17-06-2025, 09:51 PM
(17-06-2025, 09:38 PM)oshfdk Wrote: You are not allowed to view links. Register or Login to view.So, the Chinese text was transcribed to pinyin and then space separation of pinyin groups was treated as word breaks?
Word breaks were guessed and spaces inserted (or removed) accordingly. Google Translate is not optimized for old text, the meaning can be different in old and recent texts for the same characters, and so is the word segmentation.
I can't ask Google Translate how it does the segmentation, so I asked DeepSeek. I don't know why it assumed the text is Classical Chinese, anyway, these are its explanations:
DeepSeek Wrote:Notes on Segmentation & Pronunciation
• Word boundaries follow Classical Chinese grammar (e.g., 上藥 shàng yào = "high-grade herbs," treated as one compound).
• Tone marks are added for clarity (e.g., wéi 爲/为, yǐ 以).
• Fixed terms (e.g., 君臣佐使 jūn chén zuǒ shǐ = "sovereign, minister, assistant, envoy") are kept intact.
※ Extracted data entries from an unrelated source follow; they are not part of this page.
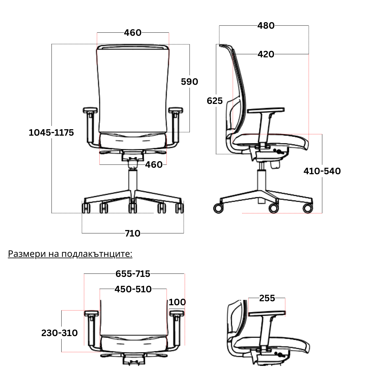 • Регулируеми подлакътници на височина, с меки полиуретанови падове.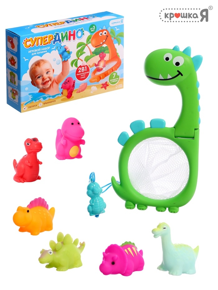Игровой набор для купания «Супер Дино», 7 игрушек в наборе, световые эффекты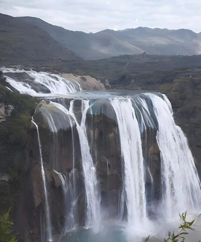 这片白练卷着雾叫黄果树瀑布,河谷像被刀削过,水从台地上一层一层跌下来,远处山色发暗,水汽把天边都糊开了。以前相机底片有限,拍一张要算着角度,现在手机连拍十连发,真正让人记住的往往还是第一眼。

• Modern Pinyin is used for readability, though some archaic pronunciations may differ.
DeepSeek Wrote:In ancient Chinese texts, words are indeed written without spaces, which can make word identification challenging. However, there are several reliable methods and principles that scholars use to segment and interpret words correctly:
1. Grammar & Syntax Rules
• Classical Chinese has a relatively fixed grammatical structure. For example:
Subjects usually precede verbs (e.g., 王曰 "The king said").
Objects often follow verbs (e.g., 伐国 "attack a state").
Modifiers (adjectives, possessives) come before nouns (e.g., 大国 "great state," 吾子 "my lord").
• Function words (e.g., 之, 乎, 者, 也) often mark boundaries between phrases.
2. Morpheme-Based Nature
• Most words in Classical Chinese are monosyllabic (one character = one word), but there are also disyllabic compounds (e.g., 天下 "all under heaven," 君子 "gentleman").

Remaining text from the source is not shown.